> [Task objective] In the records below, the line that contains "Мы - консалтинговая" marks the start. Copy it and each line after it through the end, exactly, without pictures.

> [Entries supplied]

● ● ●

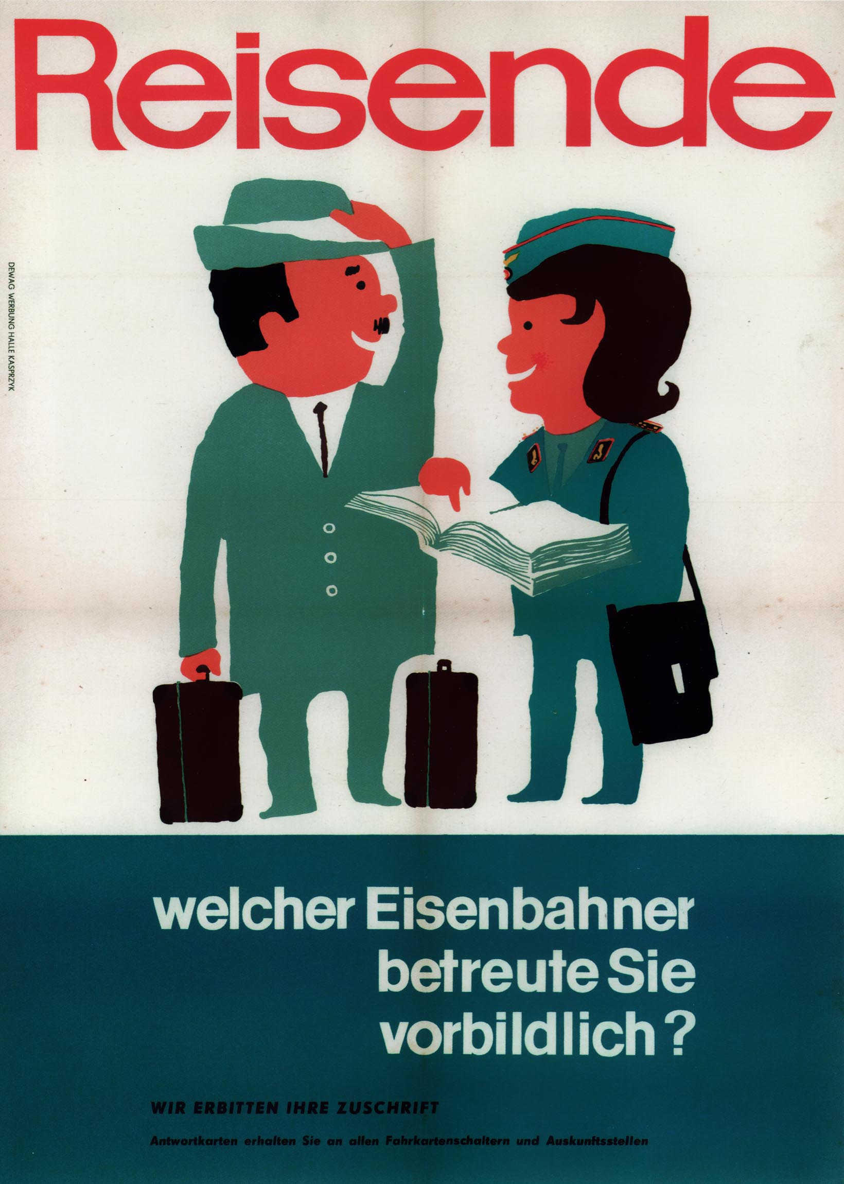 Advertising was also used by the GDR's railways, called Deutsche Reichsbahn (DR), to promote new timetables, discounts, vacancies or tourism. Here too, posters mainly created the illusion that there was a lot to choose from. Foreign destinations were limited: most people were only allowed to travel within the Eastern Bloc. The GDR did welcome Western transit passengers because they brought in foreign currency. Generally, the designs of railway posters were on par with those in the West.
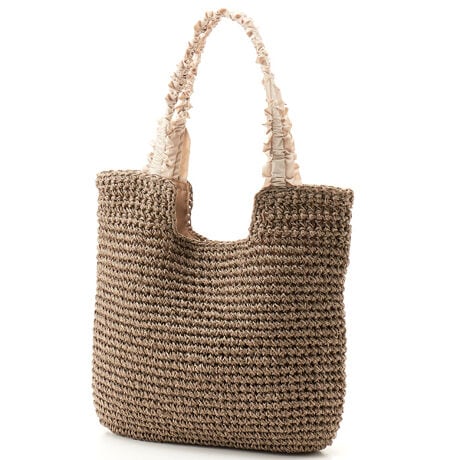 クシュっとギャザーを寄せたハンドルがポイントのクロッシェカゴバッグ。
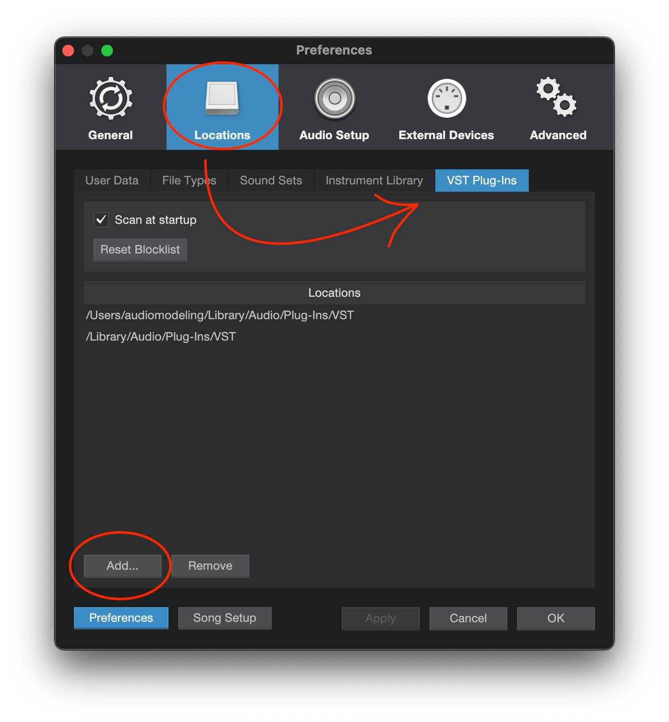- Select Locations and then click the VST Plug-Ins tab. In the VST location list, make sure to have the correct VST and VST3 SWAM instruments path (if not, press the Add button and browse the right paths) (Picture 2).
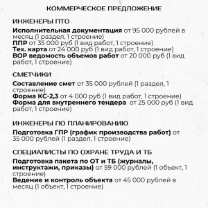 Мы - консалтинговая компания, специализирующаяся на предоставлении инженерно-технических услуг в области строительства объектов промышленного и гражданского назначения. Занимаемся сопровождением строительства объектов любой сложности.Выполняемые работы
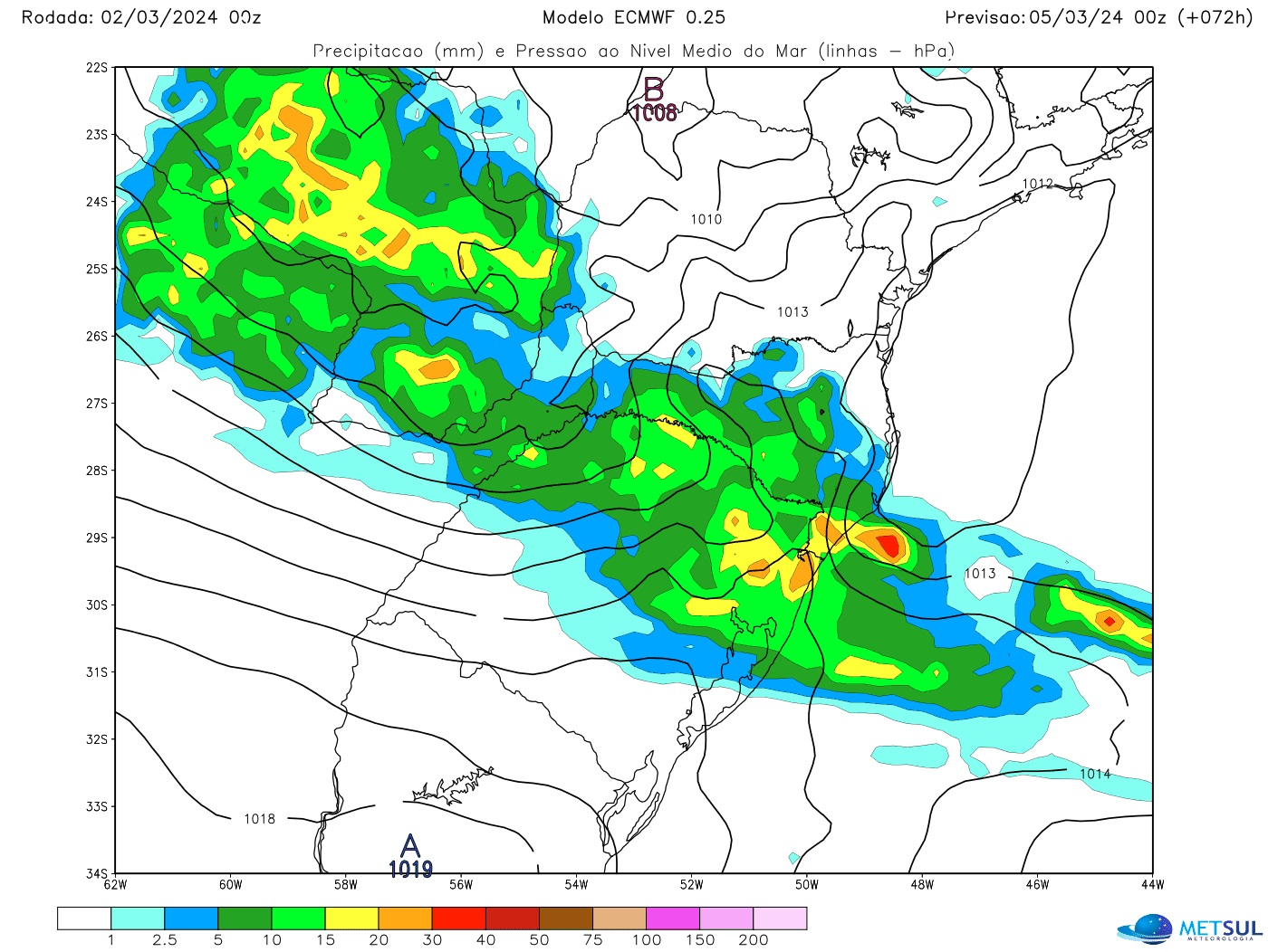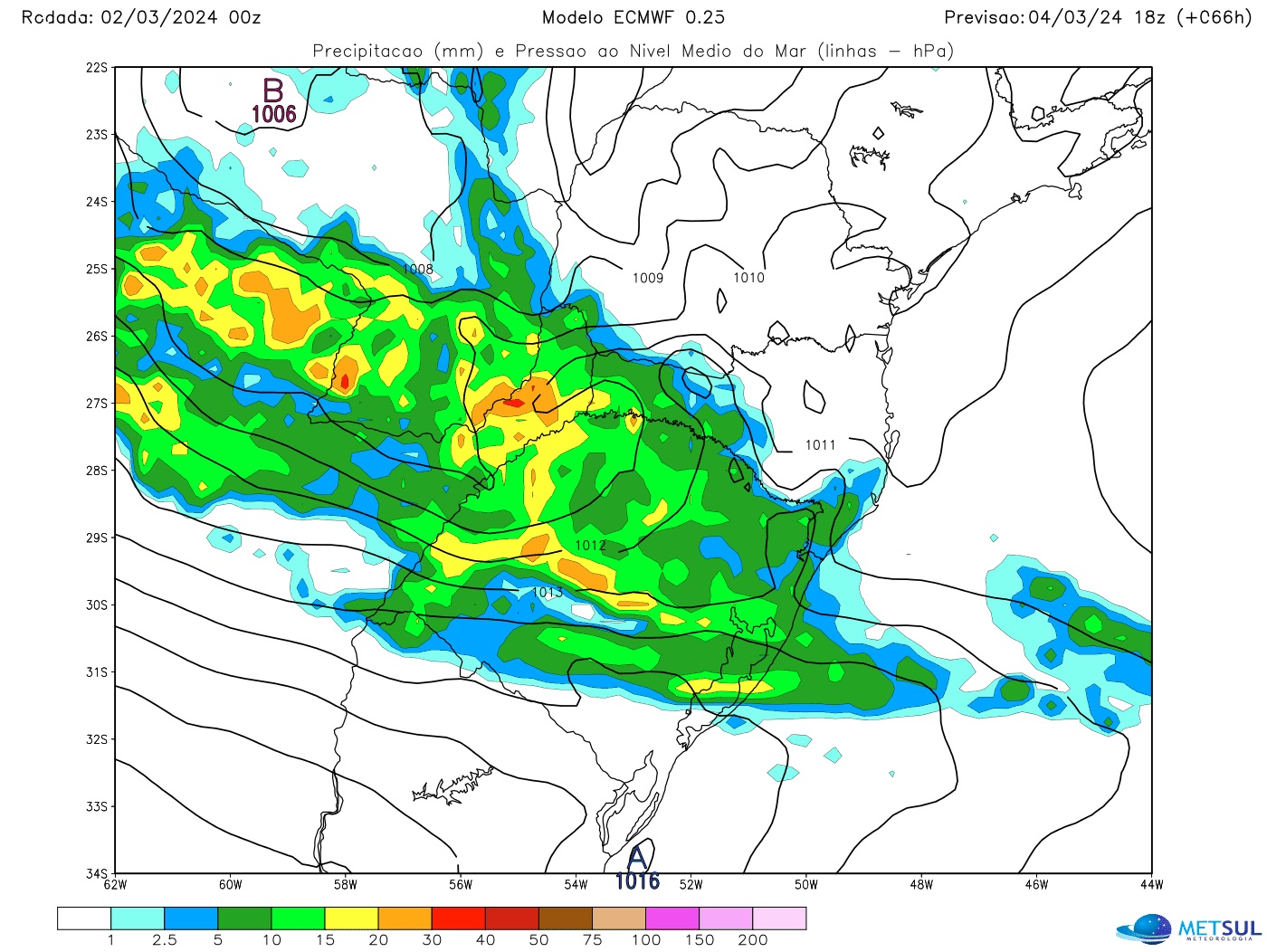 Projeção de chuva do modelo europeu para a tarde de segunda | METSUL

● ● ●

> [Reply to the task]
 Мы - консалтинговая компания, специализирующаяся на предоставлении инженерно-технических услуг в области строительства объектов промышленного и гражданского назначения. Занимаемся сопровождением строительства объектов любой сложности.Выполняемые работы
 Projeção de chuva do modelo europeu para a tarde de segunda | METSUL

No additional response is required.